Provided information:
=== Begin Enclosure ===

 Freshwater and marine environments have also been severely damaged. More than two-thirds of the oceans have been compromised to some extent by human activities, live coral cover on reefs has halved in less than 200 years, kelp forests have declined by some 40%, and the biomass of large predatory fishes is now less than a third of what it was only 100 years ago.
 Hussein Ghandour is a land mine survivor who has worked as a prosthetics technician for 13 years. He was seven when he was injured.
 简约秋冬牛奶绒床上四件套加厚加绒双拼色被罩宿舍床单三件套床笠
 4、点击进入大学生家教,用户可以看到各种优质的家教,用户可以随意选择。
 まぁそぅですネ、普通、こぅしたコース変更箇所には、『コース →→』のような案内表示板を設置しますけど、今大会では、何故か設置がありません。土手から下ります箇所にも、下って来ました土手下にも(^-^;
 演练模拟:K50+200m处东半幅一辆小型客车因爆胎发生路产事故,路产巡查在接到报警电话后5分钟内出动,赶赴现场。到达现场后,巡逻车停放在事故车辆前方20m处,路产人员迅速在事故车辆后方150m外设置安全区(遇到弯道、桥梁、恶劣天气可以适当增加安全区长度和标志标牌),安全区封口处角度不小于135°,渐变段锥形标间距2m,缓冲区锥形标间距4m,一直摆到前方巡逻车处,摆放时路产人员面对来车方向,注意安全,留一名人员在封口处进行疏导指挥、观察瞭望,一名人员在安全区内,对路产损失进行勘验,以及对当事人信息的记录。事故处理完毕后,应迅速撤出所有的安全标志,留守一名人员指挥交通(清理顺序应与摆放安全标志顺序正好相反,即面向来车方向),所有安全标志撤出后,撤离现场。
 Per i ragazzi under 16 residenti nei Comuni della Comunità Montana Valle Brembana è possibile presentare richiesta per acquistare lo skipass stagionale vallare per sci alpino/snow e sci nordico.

=== End Enclosure ===
=== Begin Enclosure ===

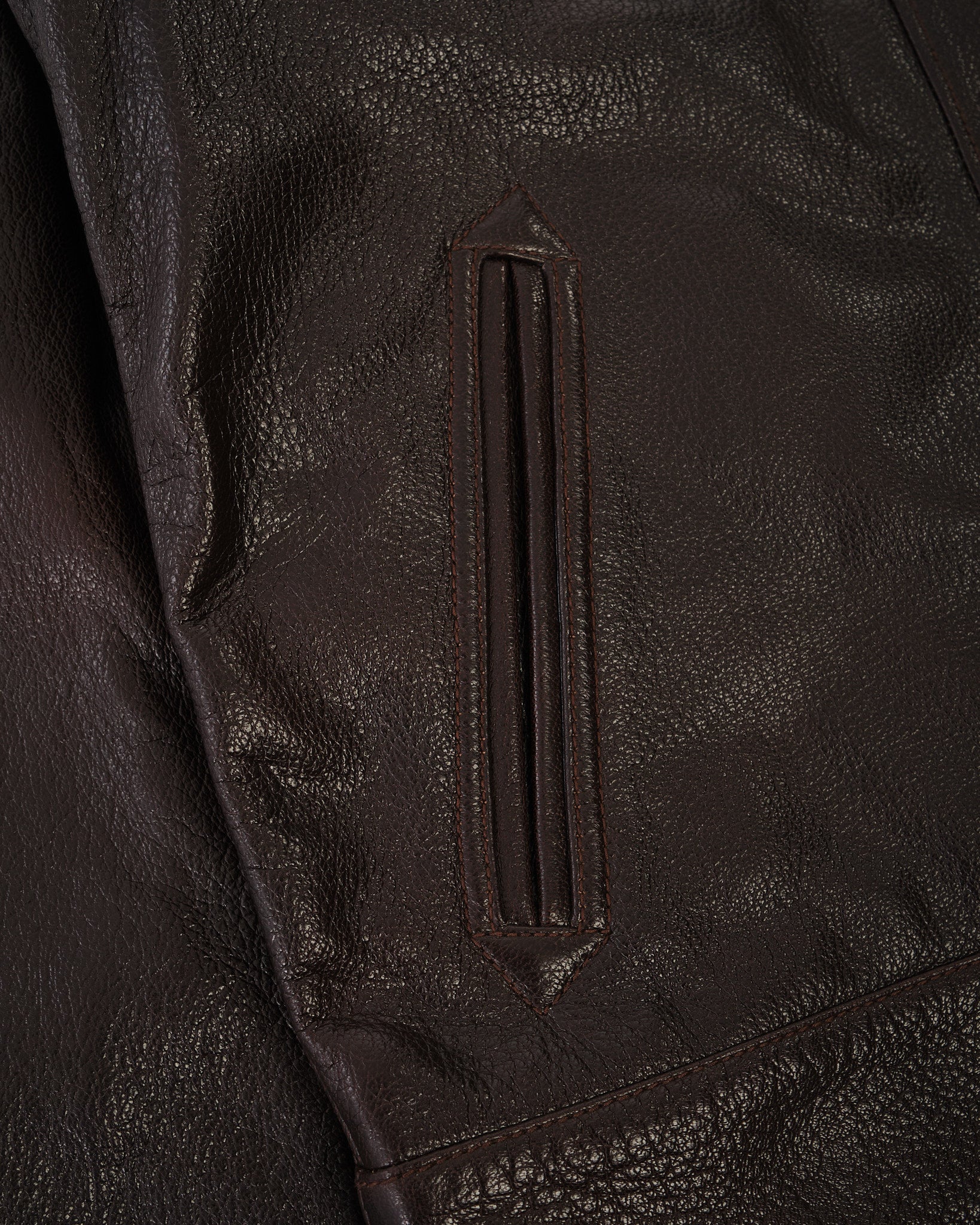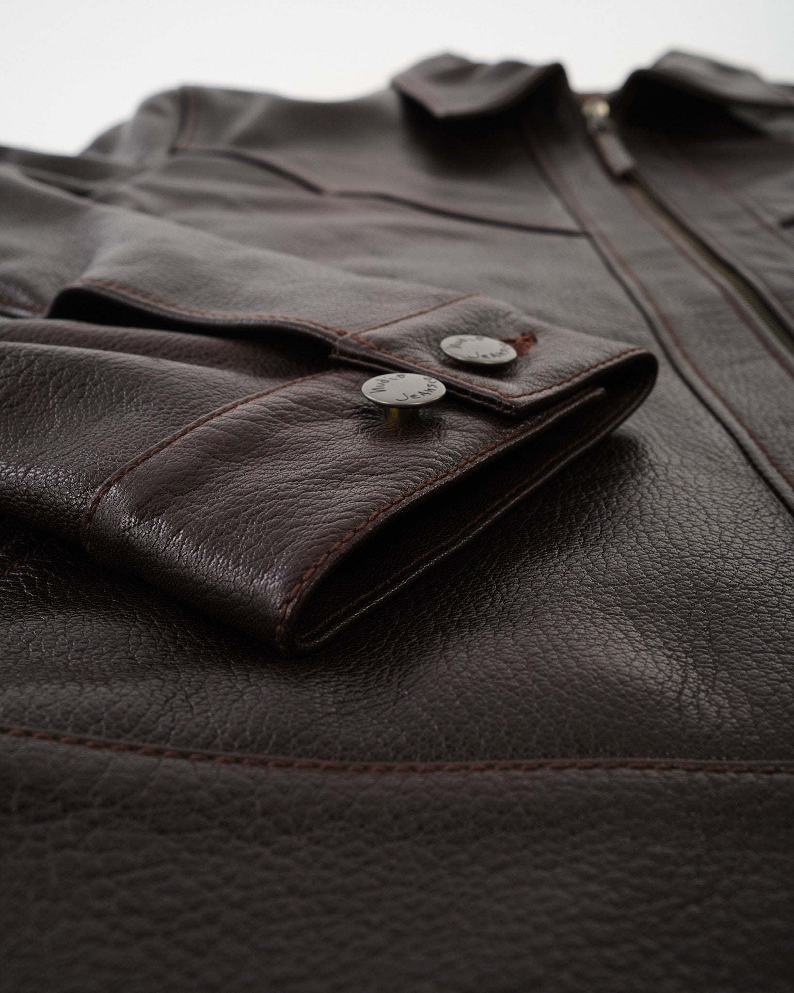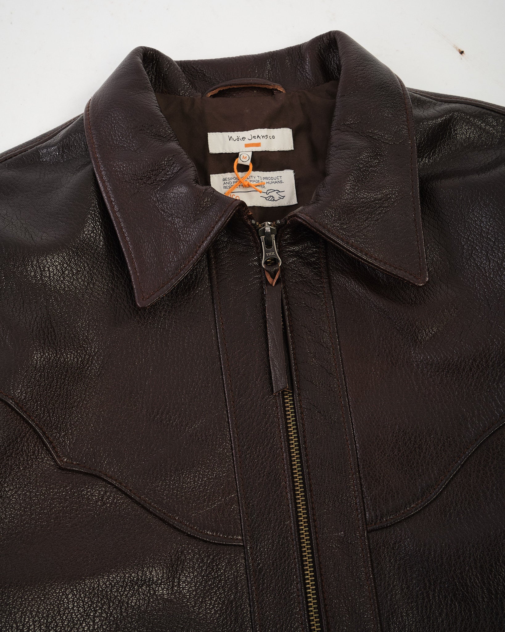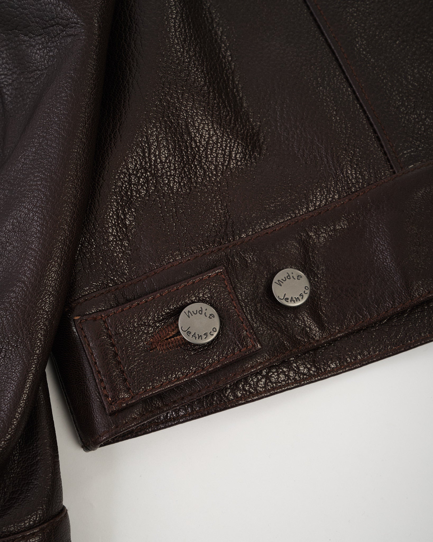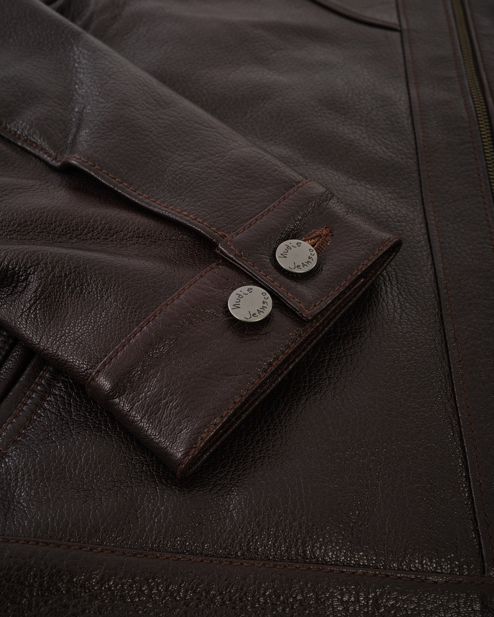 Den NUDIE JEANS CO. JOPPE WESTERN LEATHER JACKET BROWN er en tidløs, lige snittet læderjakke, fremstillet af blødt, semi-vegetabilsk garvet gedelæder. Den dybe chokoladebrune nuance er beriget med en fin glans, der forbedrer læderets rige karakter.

=== End Enclosure ===

Work item: From the listing, reproduce every line where the word "years" is present.

Completed task:
 Freshwater and marine environments have also been severely damaged. More than two-thirds of the oceans have been compromised to some extent by human activities, live coral cover on reefs has halved in less than 200 years, kelp forests have declined by some 40%, and the biomass of large predatory fishes is now less than a third of what it was only 100 years ago.
 Hussein Ghandour is a land mine survivor who has worked as a prosthetics technician for 13 years. He was seven when he was injured.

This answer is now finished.